▶ _EXERCISE DESCRIPTION_: Reproduce only the lines below from the line containing "With exaggerated angles" to the line containing "Mädchen-Kapuzensweatshirt in Beige", exactly as written, with both end lines kept. Omit the pictures.

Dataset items
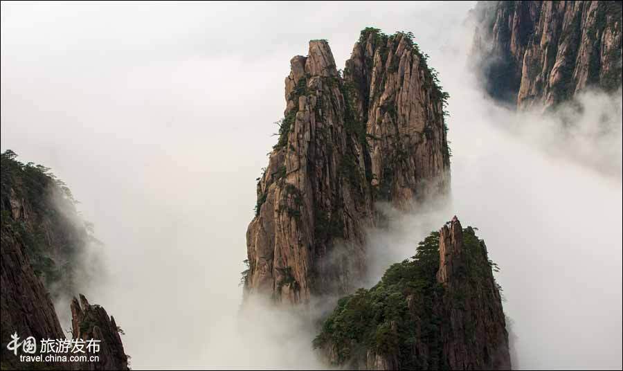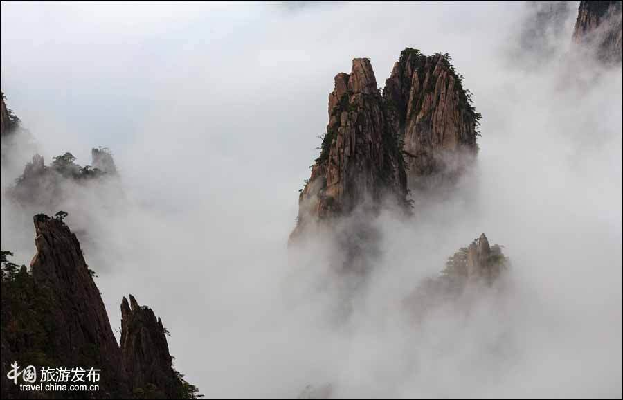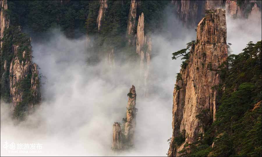 【點(diǎn)睛】“雨后黃山更奇絕”,這是清初詩壇盟主錢謙益在游覽黃山后興之所至。10月30日,綿綿的秋雨過后,黃山西海景區(qū)云霧彌漫,樹林中騰起的層層云霧,環(huán)繞著青山黛色,飄渺在山峰間,時而云遮霧罩,時而青煙縹緲,時而四方慢云,時而暗流涌動,峰在云中、石在樹中、人在畫中的畫卷緩緩鋪展。
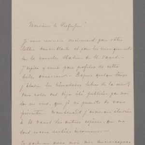 Il remercie Perrier des renseignements transmis sur la nouvelle station de Saint-Vaast. « J'espère y venir pour profiter de cette belle occasion. Depuis quelques temps j'étudie les nématodes libres de la mer ; deux notes ont déjà été publiées par moi sur ces vers, que je me permets de vous présenter. Maintenant j'aimerais étudier à St Vaast les autres espèces, qui me sont encore restées inconnues. Je porterai avec moi mes microscopes [] ».
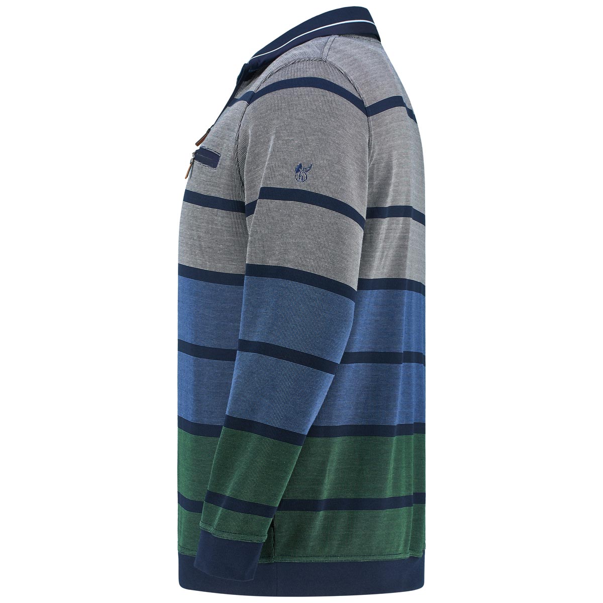 Troyerkragen Streifenmuster elastischer Abschlussbund an Ärmeln und Saum Stretch-Material softes und dehnbares Material nachhaltig: Oeko-Tex® Standard 100 Durch den Stretch-Anteil passt sich das Sweatshirt in großen Größen von Hajo optimal an und bleibt dabei formstabil. Lässig, flexibel und immer angenehm zu tragen.
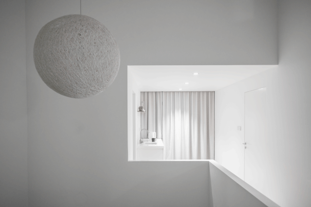 在日常機能區我們別有用心的將層高控制到2.2公尺,與之相反的樓梯間及起居空間的層高我們儘可能的還原到最大化,反差之下是明晰的空間,也伴隨著細膩的心情變化。
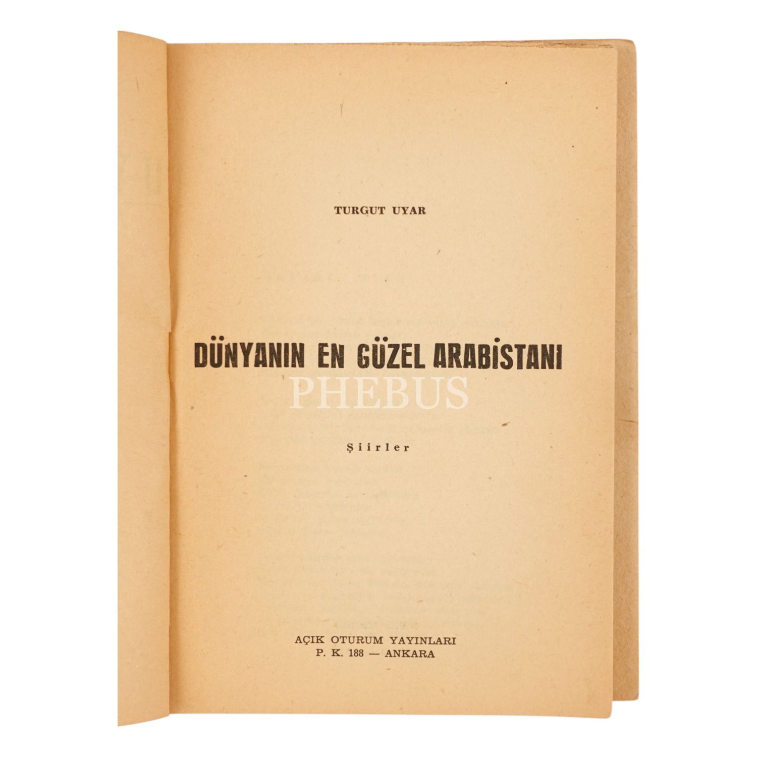 DÜNYANIN EN GÜZEL ARABİSTANI, Turgut Uyar, 1959, Açık Oturum Yayınları, 76 sayfa, 14x20 cm...
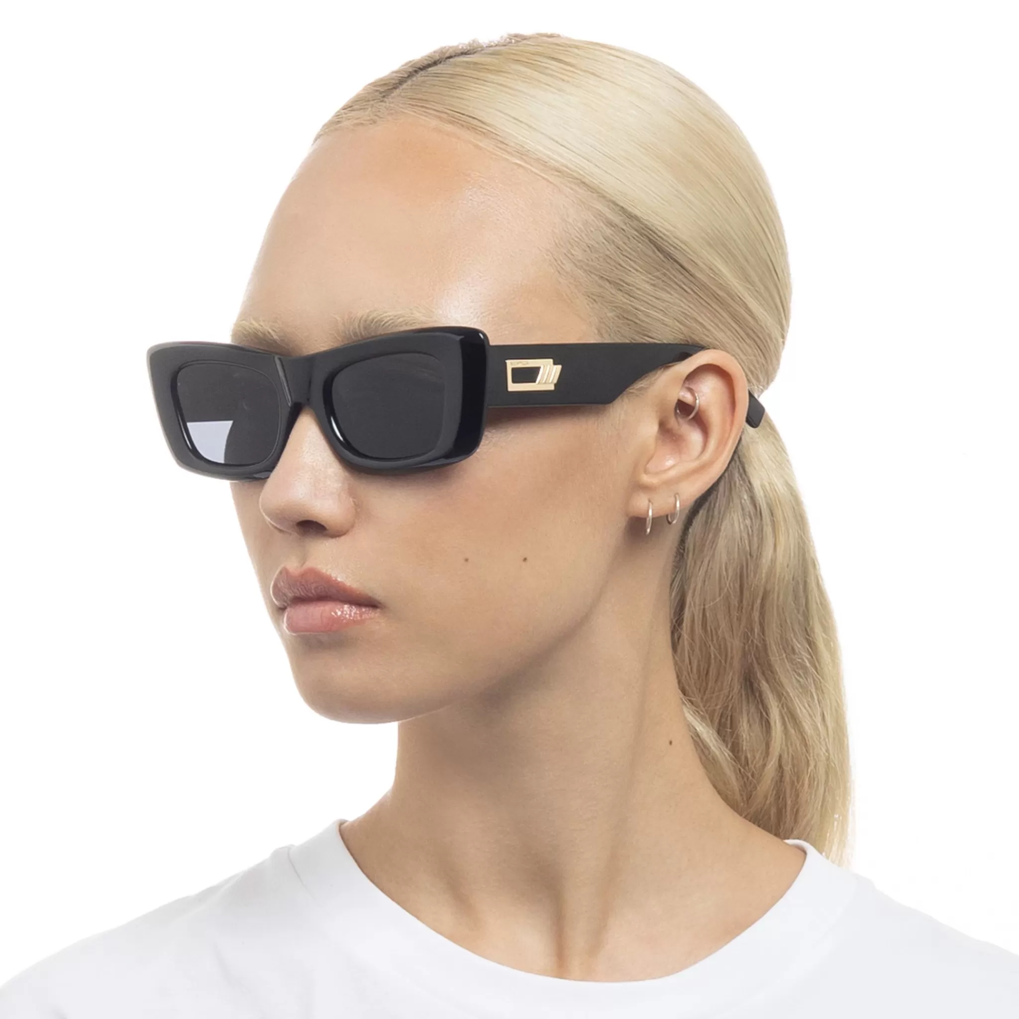 With exaggerated angles and dramatic chamfering detail, our DOPAMINE sunglasses are a new season wardrobe must have. Designed with a wide fit, this oversized rectangle frame features Le Specs geometric flagstripe buckle hardware on both temples.
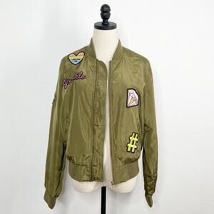 Love Tree retro lightweight army green bomber jacket w/ patches.
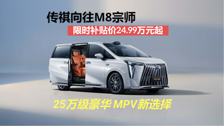 传祺向往M8宗师限时补贴价24.99万元起,25万级豪华MPV新选择
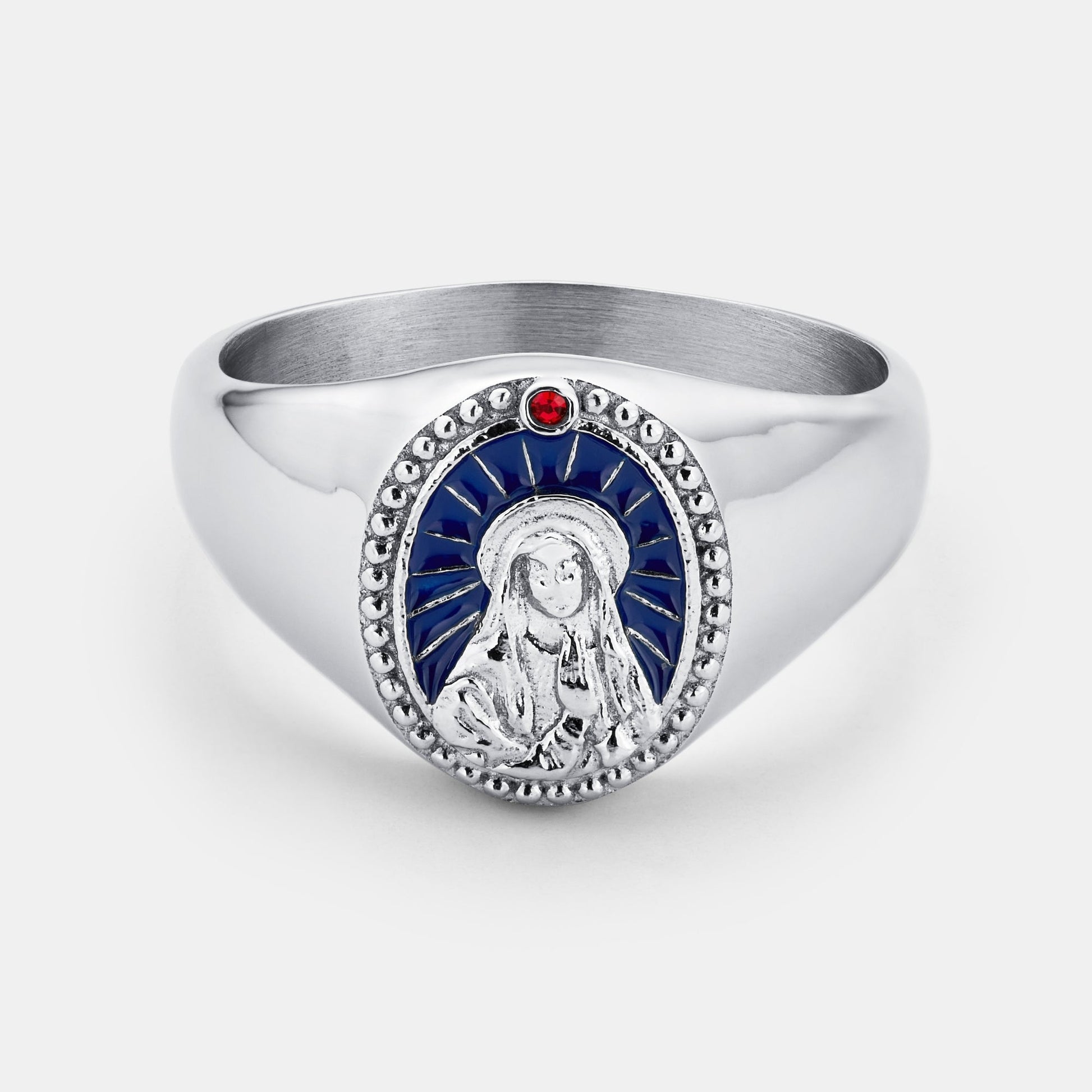Anello Sigillo in Smalto della Vergine Maria (Argento)
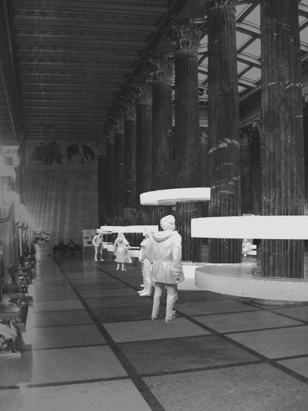 Die vorgeschlagene Ausstellungsarchitektur sollte das im Parlamentsgebäude damit präsente Gesellschaftsbild durch eine Dynamisierung der historischen Architekturelemente konterkarieren und aktualisieren.
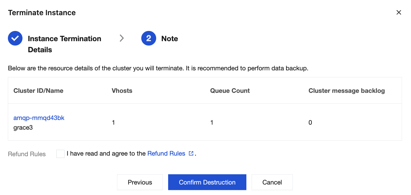 3. In the deletion pop-up window, confirm the resource details and click Next. After reading the refund rules and confirming the refund details, click Confirm Destruction to delete the cluster.
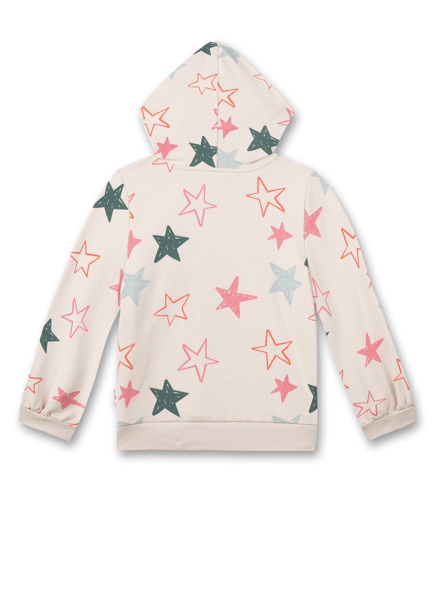 Mädchen-Kapuzensweatshirt in Beige von Sanetta Kidswear im bunten Sternchen-Alloverprint.
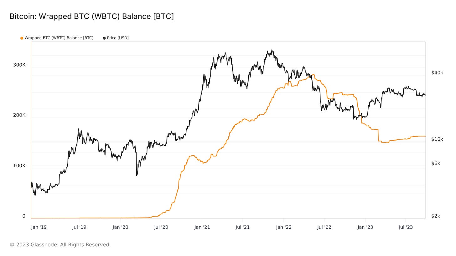 Taking a further look at wallets that engage on the Ethereum network, we can see that Wrapped Bitcoin (WBTC) has increased by 10.5% in the past 6 months. This increase is the largest surge in Wrapped Bitcoin in 2023 and the third largest increase in the past 18 months. This coincides with the idea that, despite overall deposits on exchanges being low, there is value being held on-chain. Combined with the long term holding and accumulation data, Bitcoin has been bought up more in recent months than in the past two years, showing favour to longterm accumulation.
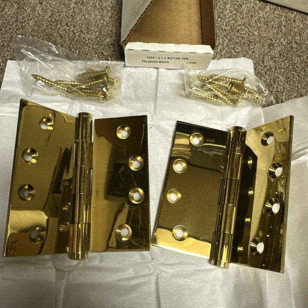 Merit Pair Merit 125P 4x4 Hinge Button Tip Polished Brass 1 pair Hinges
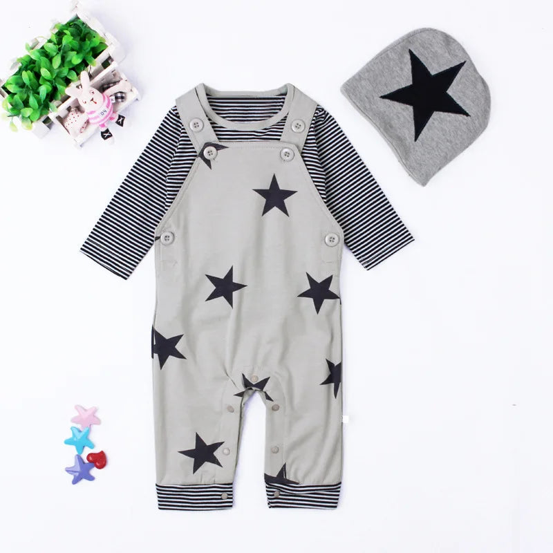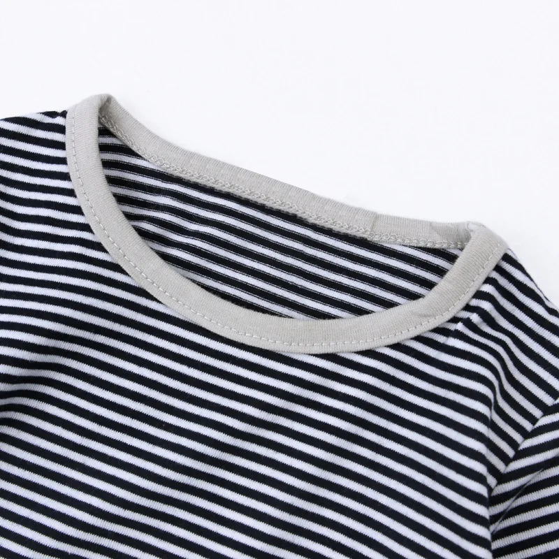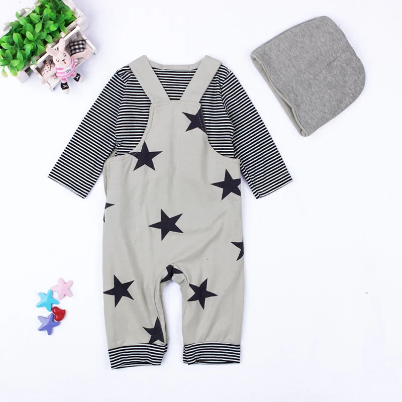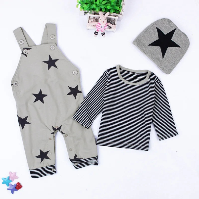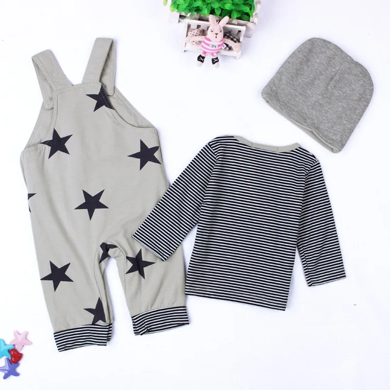 MQTIME - 2Piece Set Spring Fall Toddler Boy Outfits Korean Casual Cute Stripe Long Sleeve Tops+Overalls Baby Clothing Kids Clothes BC1564
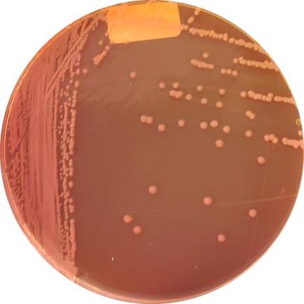 麦康凯琼脂平板:浅黄褐色圆形菌落,表面光滑,周围培养基通常因产碱变为橙黄色(如图1-B)。
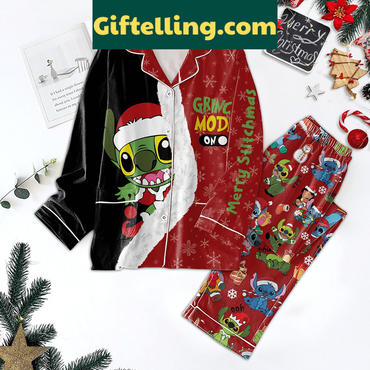Order your Grinch Mode On Merry Stitchmas Pajamas Set - Ugly Christmas PJs at Giftelling! ❤️
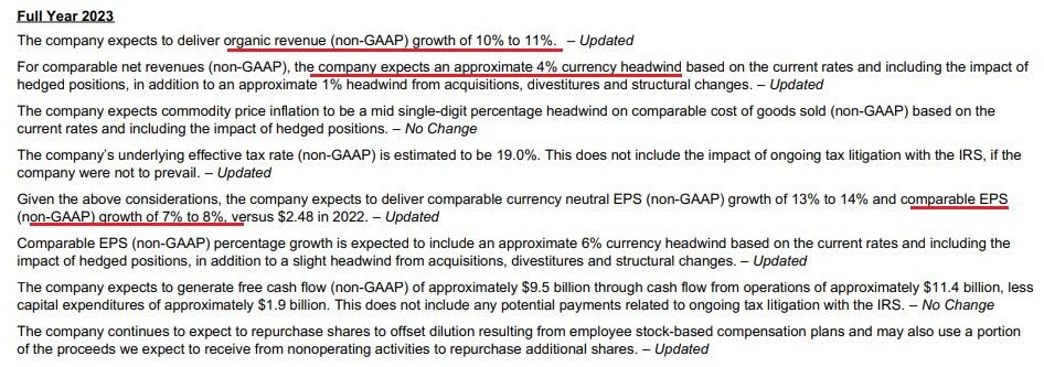 Non-GAAPのオーガニック・セールスは10-11%増に引き上げ(従来は8-9%増)ました。調整後の売上高に対する為替のマイナス効果は4%としました(従来は3-4%)。また調整後一株利益は7-8%増としました(従来は5-6%増)。
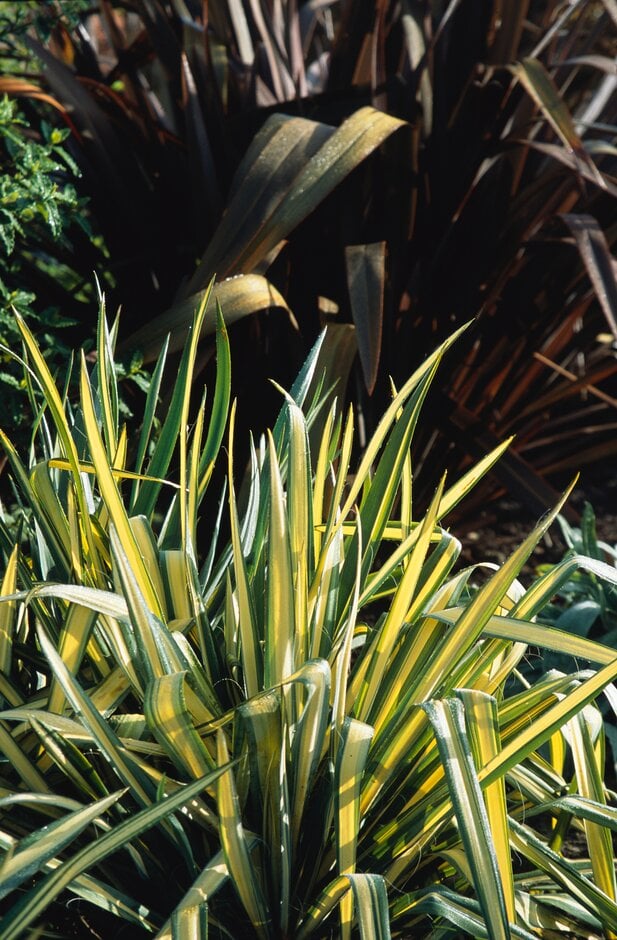 A clump-forming, evergreen shrub to around 1m tall, forming stemless, sword-shaped, variegated creamy golden-yellow leaves with bright green edges. Panicles of nodding, creamy-white, bell-shaped flowers may be produced in late summer. Drought tolerant once established

▶ _ANSWER BELOW_:
 With exaggerated angles and dramatic chamfering detail, our DOPAMINE sunglasses are a new season wardrobe must have. Designed with a wide fit, this oversized rectangle frame features Le Specs geometric flagstripe buckle hardware on both temples.
 Love Tree retro lightweight army green bomber jacket w/ patches.
 传祺向往M8宗师限时补贴价24.99万元起,25万级豪华MPV新选择
Anello Sigillo in Smalto della Vergine Maria (Argento)
 Die vorgeschlagene Ausstellungsarchitektur sollte das im Parlamentsgebäude damit präsente Gesellschaftsbild durch eine Dynamisierung der historischen Architekturelemente konterkarieren und aktualisieren.
 3. In the deletion pop-up window, confirm the resource details and click Next. After reading the refund rules and confirming the refund details, click Confirm Destruction to delete the cluster.
 Mädchen-Kapuzensweatshirt in Beige von Sanetta Kidswear im bunten Sternchen-Alloverprint.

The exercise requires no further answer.